For 循环到 CSV 导致 Python 中的行不均匀
For Loop to CSV Leading to Uneven Rows in Python
仍在学习Python,如果这是一个非常明显的错误,我们深表歉意。不过,我几个小时以来一直在努力解决这个问题,我想看看是否有人能帮忙。
我在一个冰球网站上搜索了他们的溜冰鞋名称和价格,并将其写入 CSV 文件。唯一的问题是,当我将其写入 CSV 时,名称列(列为 Gear)和价格列的行未对齐。它是:
- 齿轮名称1
- 行Space
- 价格
- 行Space
- 装备名称2
最好将齿轮和价格行彼此相邻对齐。如果有帮助的话,我还附上了 link 到 CSV 图片。
import requests
from bs4 import BeautifulSoup as Soup
webpage_response = requests.get('https://www.purehockey.com/c/ice-hockey-skates-senior?')

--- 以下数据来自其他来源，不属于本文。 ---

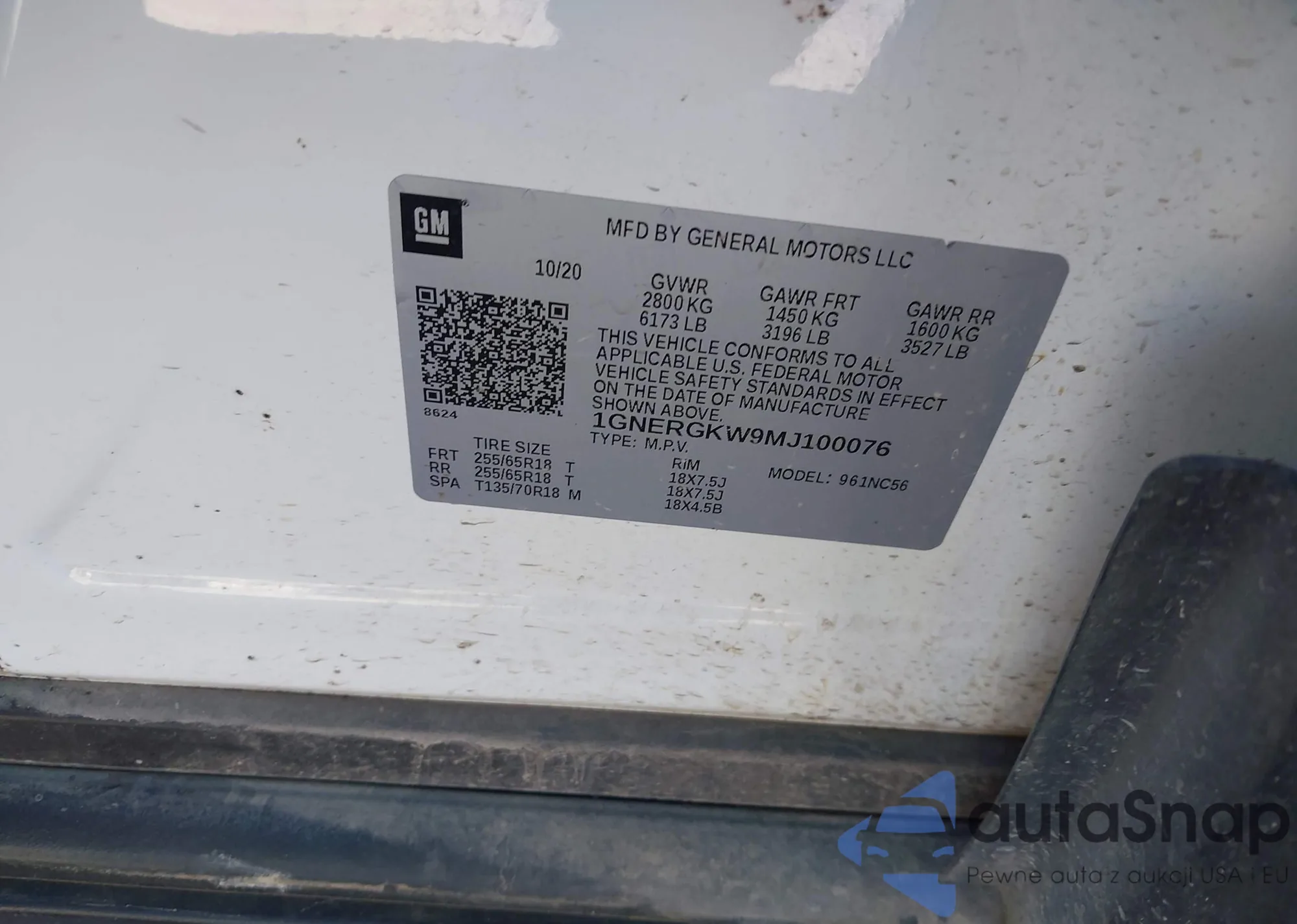 LOT: 43661068 VIN: 1GNERGKW9MJ100076

webpage = (webpage_response.content)
parser = Soup(webpage, 'html.parser')
filename = "gear.csv"
f = open(filename, "w")
headers = "Gear, Price"
f.write(headers)
for gear in parser.find_all("div", {"class": "details"}):
gearname = gear.find_all("div", {"class": "name"}, "a")
gearnametext = gearname[0].text
gearprice = gear.find_all("div", {"class": "price"}, "a")
gearpricetext = gearprice[0].text
print (gearnametext)
print (gearpricetext)
f.write(gearnametext + "," + gearpricetext)
[不均匀的行是什么样的][1]
[1]: https://i.stack.imgur.com/EG2f2.png
我注意到字符串中有 gearnametext
returns 2\n
。您应该尝试方法 str.replace()
来删除 \n
,它会让您跳转到下一行。尝试:
import requests
from bs4 import BeautifulSoup as Soup
webpage_response = requests.get('https://www.purehockey.com/c/ice-hockey-skates-senior?')
webpage = (webpage_response.content)
parser = Soup(webpage, 'html.parser')
filename = "gear.csv"
f = open(filename, "w")
headers = "Gear, Price"
f.write(headers)
for gear in parser.find_all("div", {"class": "details"}):
gearname = gear.find_all("div", {"class": "name"}, "a")
gearnametext = gearname[0].text.replace('\n','')
gearprice = gear.find_all("div", {"class": "price"}, "a")
gearpricetext = gearprice[0].text
print (gearnametext)
print (gearpricetext)
f.write(gearnametext + "," + gearpricetext)
我在循环内更改了齿轮名称的第二行:gearnametext = gearname[0].text.replace('\n','')
。
建议 python 3 使用 with open(filename, 'w') as f:
和 strip()
您的文本,然后 write()
到您的文件。
除非您不使用 'a' 模式来追加每一行,否则您必须为您正在编写的每一行添加换行符。
例子
import requests
from bs4 import BeautifulSoup as Soup
webpage_response = requests.get('https://www.purehockey.com/c/ice-hockey-skates-senior?')
webpage = (webpage_response.content)
parser = Soup(webpage, 'html.parser')
filename = "gear1.csv"
headers = "Gear,Price\n"
with open(filename, 'w') as f:
f.write(headers)
for gear in parser.find_all("div", {"class": "details"}):
gearnametext = gear.find("div", {"class": "name"}).text.strip()
gearpricetext = gear.find("div", {"class": "price"}).text.strip()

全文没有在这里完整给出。